Prompt: Starting at the line with "Die Unicredit-Aktie scheint", repeat every line exactly until the records end, including the last one.
*** Block opens ***
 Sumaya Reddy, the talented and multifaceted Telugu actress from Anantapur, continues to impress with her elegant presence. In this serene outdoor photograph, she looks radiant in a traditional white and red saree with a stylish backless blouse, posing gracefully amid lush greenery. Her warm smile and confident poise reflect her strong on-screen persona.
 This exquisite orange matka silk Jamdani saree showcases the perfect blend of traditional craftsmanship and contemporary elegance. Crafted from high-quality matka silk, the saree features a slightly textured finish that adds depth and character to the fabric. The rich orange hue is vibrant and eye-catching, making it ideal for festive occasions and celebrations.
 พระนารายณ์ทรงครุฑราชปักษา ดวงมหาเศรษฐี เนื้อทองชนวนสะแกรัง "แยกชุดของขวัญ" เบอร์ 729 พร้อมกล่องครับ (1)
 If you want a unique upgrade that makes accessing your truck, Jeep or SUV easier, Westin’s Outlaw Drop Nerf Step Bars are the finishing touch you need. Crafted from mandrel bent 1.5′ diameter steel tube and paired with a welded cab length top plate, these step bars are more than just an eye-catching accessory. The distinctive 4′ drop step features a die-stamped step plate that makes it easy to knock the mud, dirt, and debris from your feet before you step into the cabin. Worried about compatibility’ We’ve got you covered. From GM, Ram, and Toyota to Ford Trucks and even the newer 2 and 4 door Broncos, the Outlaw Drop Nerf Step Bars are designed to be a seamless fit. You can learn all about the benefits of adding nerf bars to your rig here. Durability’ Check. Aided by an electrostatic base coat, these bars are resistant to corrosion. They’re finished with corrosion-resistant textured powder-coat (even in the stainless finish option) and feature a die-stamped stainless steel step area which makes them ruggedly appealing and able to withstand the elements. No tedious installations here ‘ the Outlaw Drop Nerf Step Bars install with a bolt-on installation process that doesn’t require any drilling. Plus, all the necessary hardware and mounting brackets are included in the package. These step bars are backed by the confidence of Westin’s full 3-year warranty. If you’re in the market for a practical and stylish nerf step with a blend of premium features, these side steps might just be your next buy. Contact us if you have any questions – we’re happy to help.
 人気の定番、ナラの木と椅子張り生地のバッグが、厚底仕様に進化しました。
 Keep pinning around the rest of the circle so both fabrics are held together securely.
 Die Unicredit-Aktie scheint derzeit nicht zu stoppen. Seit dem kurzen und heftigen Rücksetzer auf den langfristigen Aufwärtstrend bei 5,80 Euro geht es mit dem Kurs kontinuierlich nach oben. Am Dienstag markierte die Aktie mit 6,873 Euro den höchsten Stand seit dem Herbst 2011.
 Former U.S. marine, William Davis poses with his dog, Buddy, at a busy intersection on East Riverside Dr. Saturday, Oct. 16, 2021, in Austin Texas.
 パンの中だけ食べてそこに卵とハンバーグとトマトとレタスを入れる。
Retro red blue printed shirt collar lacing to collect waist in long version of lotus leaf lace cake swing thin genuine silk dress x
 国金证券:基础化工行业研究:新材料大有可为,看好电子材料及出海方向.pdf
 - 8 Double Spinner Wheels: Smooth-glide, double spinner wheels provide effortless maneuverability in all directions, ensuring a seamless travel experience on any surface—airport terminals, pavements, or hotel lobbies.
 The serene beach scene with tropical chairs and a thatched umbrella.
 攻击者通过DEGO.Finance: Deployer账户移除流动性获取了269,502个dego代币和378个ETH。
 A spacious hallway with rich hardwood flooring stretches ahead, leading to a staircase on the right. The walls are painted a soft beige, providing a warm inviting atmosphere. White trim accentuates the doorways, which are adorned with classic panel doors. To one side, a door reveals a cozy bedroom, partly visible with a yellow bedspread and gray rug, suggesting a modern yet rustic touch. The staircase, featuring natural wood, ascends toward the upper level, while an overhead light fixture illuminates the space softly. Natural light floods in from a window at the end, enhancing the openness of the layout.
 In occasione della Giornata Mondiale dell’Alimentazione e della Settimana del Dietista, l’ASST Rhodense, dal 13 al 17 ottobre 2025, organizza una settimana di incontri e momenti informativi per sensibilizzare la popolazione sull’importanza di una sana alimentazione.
*** Block closes ***
Result for this exercise:
 Die Unicredit-Aktie scheint derzeit nicht zu stoppen. Seit dem kurzen und heftigen Rücksetzer auf den langfristigen Aufwärtstrend bei 5,80 Euro geht es mit dem Kurs kontinuierlich nach oben. Am Dienstag markierte die Aktie mit 6,873 Euro den höchsten Stand seit dem Herbst 2011.
 Former U.S. marine, William Davis poses with his dog, Buddy, at a busy intersection on East Riverside Dr. Saturday, Oct. 16, 2021, in Austin Texas.
 パンの中だけ食べてそこに卵とハンバーグとトマトとレタスを入れる。
Retro red blue printed shirt collar lacing to collect waist in long version of lotus leaf lace cake swing thin genuine silk dress x
 国金证券:基础化工行业研究:新材料大有可为,看好电子材料及出海方向.pdf
 - 8 Double Spinner Wheels: Smooth-glide, double spinner wheels provide effortless maneuverability in all directions, ensuring a seamless travel experience on any surface—airport terminals, pavements, or hotel lobbies.
 The serene beach scene with tropical chairs and a thatched umbrella.
 攻击者通过DEGO.Finance: Deployer账户移除流动性获取了269,502个dego代币和378个ETH。
 A spacious hallway with rich hardwood flooring stretches ahead, leading to a staircase on the right. The walls are painted a soft beige, providing a warm inviting atmosphere. White trim accentuates the doorways, which are adorned with classic panel doors. To one side, a door reveals a cozy bedroom, partly visible with a yellow bedspread and gray rug, suggesting a modern yet rustic touch. The staircase, featuring natural wood, ascends toward the upper level, while an overhead light fixture illuminates the space softly. Natural light floods in from a window at the end, enhancing the openness of the layout.
 In occasione della Giornata Mondiale dell’Alimentazione e della Settimana del Dietista, l’ASST Rhodense, dal 13 al 17 ottobre 2025, organizza una settimana di incontri e momenti informativi per sensibilizzare la popolazione sull’importanza di una sana alimentazione.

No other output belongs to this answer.